Physics and Astronomy welcomes new faculty
Three new faculty members joined our department at the beginning of the semester. Our new faculty members include a former postdoc who worked at Oak Ridge National Laboratory, a data scientist who applied machine learning and artificial intelligence to fight online credit card fraud, a co-PI who designed an astronomical survey built around the six Hubble Space Telescope (HST) Frontier Fields clusters, and our new George H. Vineyard Assistant Professor of Theoretical Physics.
Pontus Laurell joined our department as an assistant professor. Laurell served as a postdoc in theoretical condensed matter physics at the University of Tennessee, Knoxville. He has a bachelor's degree in engineering physics and a master's degree in fundamental physics from Chalmers University of Technology in Gothenburg, Sweden. Laurell earned his physics PhD in 2018 from the University of Texas at Austin with Professor Gregory Fiete. He then served as a postdoc at Oak Ridge National Laboratory where he developed strong collaborations with quantum magnetism experimentalists and a deep interest in applications of quantum information methods to quantum materials and high-performance computing.
Sam Roland joined our department as an assistant teaching professor. Prior to his arrival, he served as an assistant professor of mathematics and physics at Stephens College. He earned his BA in physics and mathematics from Cornell University and his PhD in theoretical physics from the University of Michigan where he investigated the origins of dark matter in the early universe, moments after the big bang. He also led the undergraduate physics labs at the University of Michigan, designing lessons and building equipment for hands-on learning. Before joining Stephens College, Roland worked as a data scientist, applying machine learning and artificial intelligence to fight online credit card fraud.
Charles Steinhardt joined the department as an assistant professor after serving as an associate professor at the Cosmic Dawn Center, Niels Bohr Institute, University of Copenhagen where he worked on a variety of problems in high-redshift astrophysics, and other areas of astronomy, astrostatistics, and machine learning. He was a founding member of the Cosmic Dawn Center, a Danish National Research Foundation Center of Excellence hosted by the Niels Bohr Institute and Danish Technical University. He is a co-PI of BUFFALO (Beyond Ultra-deep Frontier Fields And Legacy Observations), an astronomical survey built around the six Hubble Space Telescope (HST) Frontier Fields clusters designed to learn about early galactic assembly and clustering and prepare targets for observations with the James Webb Space Telescope. He received an AB in Astrophysical Sciences from Princeton University, and SM in Astronomy, SM in Computer Science, and PhD in Astronomy from Harvard University.
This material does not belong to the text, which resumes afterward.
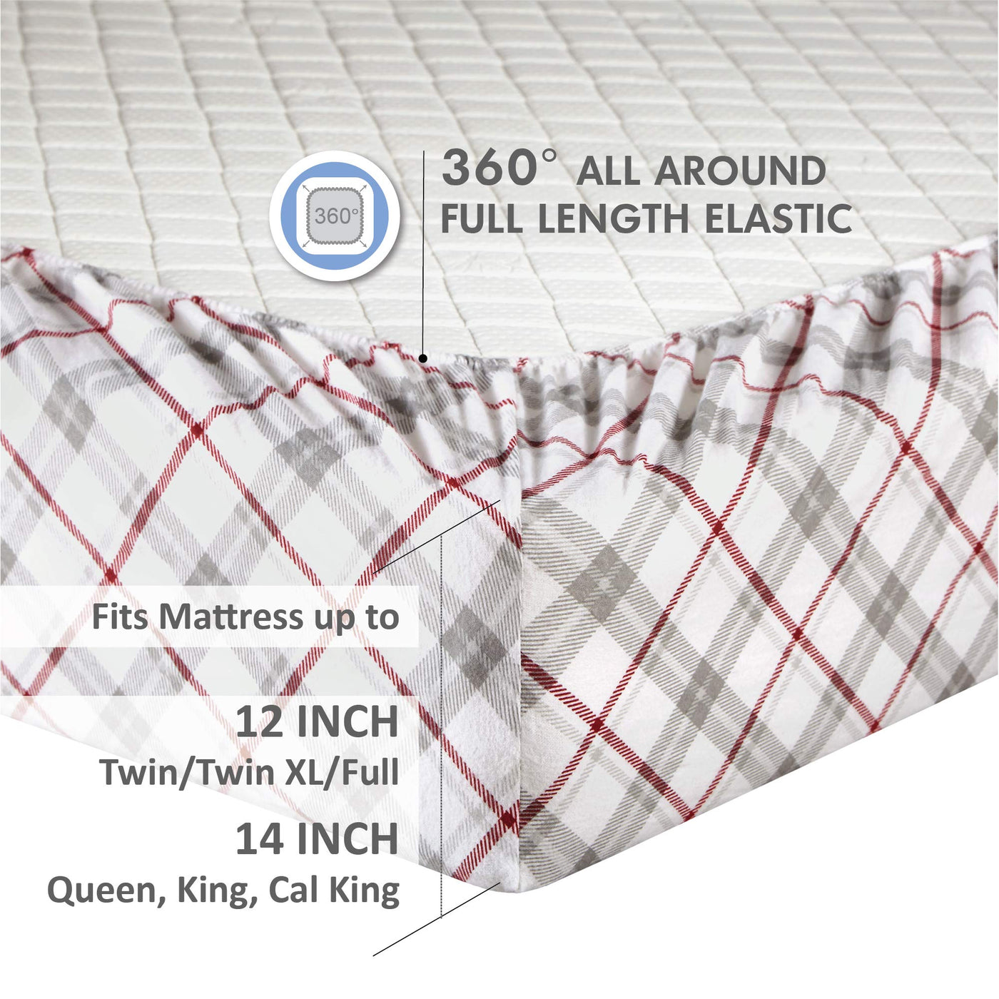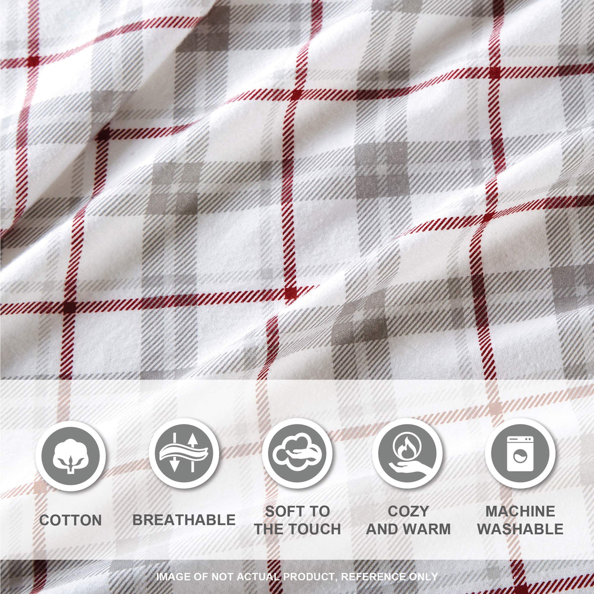 Comfort Spaces Cotton Flannel Breathable Warm Deep Pocket Sheets With Pillow Case Bedding, King, Grey/Red Plaid 4 Piece

Pavlo Sukhachov has accepted the position of George H. Vineyard Assistant Professor of Theoretical Physics and begins in January. Until then he continues as a Postdoc at the QuSpin Center of Excellence in the Norwegian University of Science and Technology. He received his PhD from the Bogolyubov Institute for Theoretical Physics of National Academy of Sciences of Ukraine in 2016. Before joining NTNU in 2024, he held a few postdoctoral positions at Western University (Canada), Nordita (Sweden), Yale University, and the University of California, Santa Cruz.